La hermana mayor de Lluvia se llama Edith. Tiene 26 años. Su hija es unos meses mayor que la hija de Lluvia. Edith tiene otra niña de siete meses, que ese día dejó al cuidado de sus abuelos paternos. Edith tampoco cree en el amor. Al menos no en el amor que la llevó a casarse con el padre de sus hijas cuando estaba por cumplir los 20. El mismo proceso que mutiló a Juárez terminó mutilando a su cupido.

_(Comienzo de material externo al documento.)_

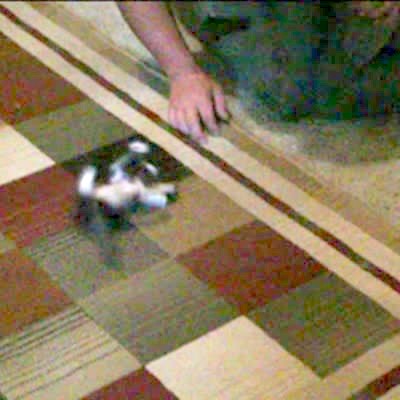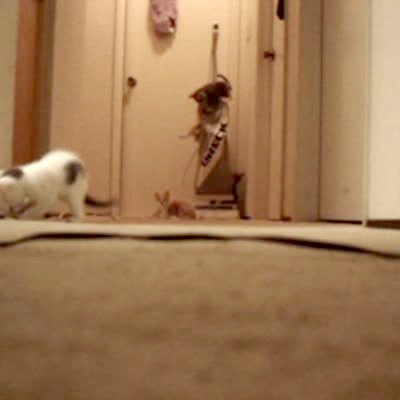 Several kittens crawl on vacuum in hall, scatter when vacuum is turned on. Cats.

 Hace cuatro semanas le dijeron que era seropositiva. Su esposo la contagió. Lo hizo en algún momento de 2012. La pequeña nació con VIH. Para entonces llevaban tiempo saliendo con parejas distintas. Nada serio, dice, pero los votos de fidelidad estaban rotos. Edith no interviene mucho en la conversación dominada por Lluvia. Básicamente escucha y ríe a carcajadas cuando algo le parece gracioso.

“El sexo es mucho más aceptado en circunstancias sociales como las nuestras-dice el doctor Rueda. Aquella etapa en la que se daba un proceso de la etapa romántica y buscabas mayor estabilidad dentro de una relación, se ha perdido. Cuando hay un trauma como el que deja la muerte masiva, se instala la filosofía de la inmediatez. Si no te sirve algo entra esta etapa utilitarista del amor. En el caso de la mujer, ya no se va tanto por la cuestión del romance: se va si le puedes dar dinero y estabilidad, y a lo mejor hasta sexo rápido. Pero no compromiso”.

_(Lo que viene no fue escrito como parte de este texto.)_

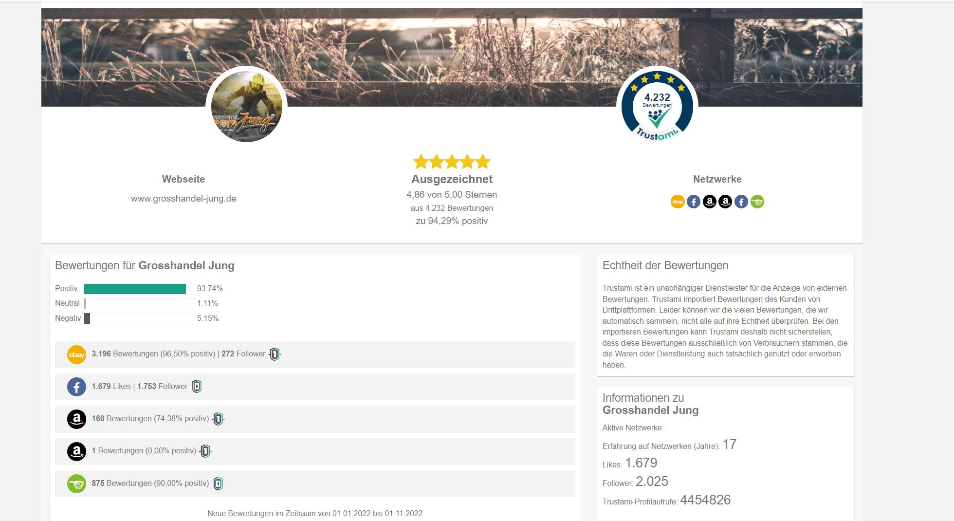 So aktuell von eben, nun sehen wir 17 Jahre mit den Shops und Netzwerken, über 4 Millionen Aufrufe von unserem Profil ! Wenn wir so unbekannt und unerwünscht währen, glaubt Ihr im ernst das wir dann ( seit es diese Trust Seite gibt) über 4000 Bewertungen mit 4,86 von 5 Sternen nicht durch Lieferungen und ein bissel Service auch erwirtschaftet hätten? Und dieses Profil ist nur 1 einziger Shop ! Wie Ihr wisst haben wir einige Onlineshops.

Para las ocho de la noche Lluvia y los demás han vaciado cuatro doces de cerveza. Nadie trae para comprar más. Los tres amigos parecen disfrazados de sicarios: tienen las cejas depiladas y el pelo corto hasta traslucir el cráneo, pero les falta poder y les falta solvencia. Lluvia se para. Trastabilla un poco. Le dice a su hermana que cuide a su hija mientras ella va “al lugar de siempre” para agarrar un par de clientes y luego volver a seguir la fiesta.

“¿El amor? ¿Sabes cuál es el verdadero amor? El verdadero amor es el dinero”. Y se marcha.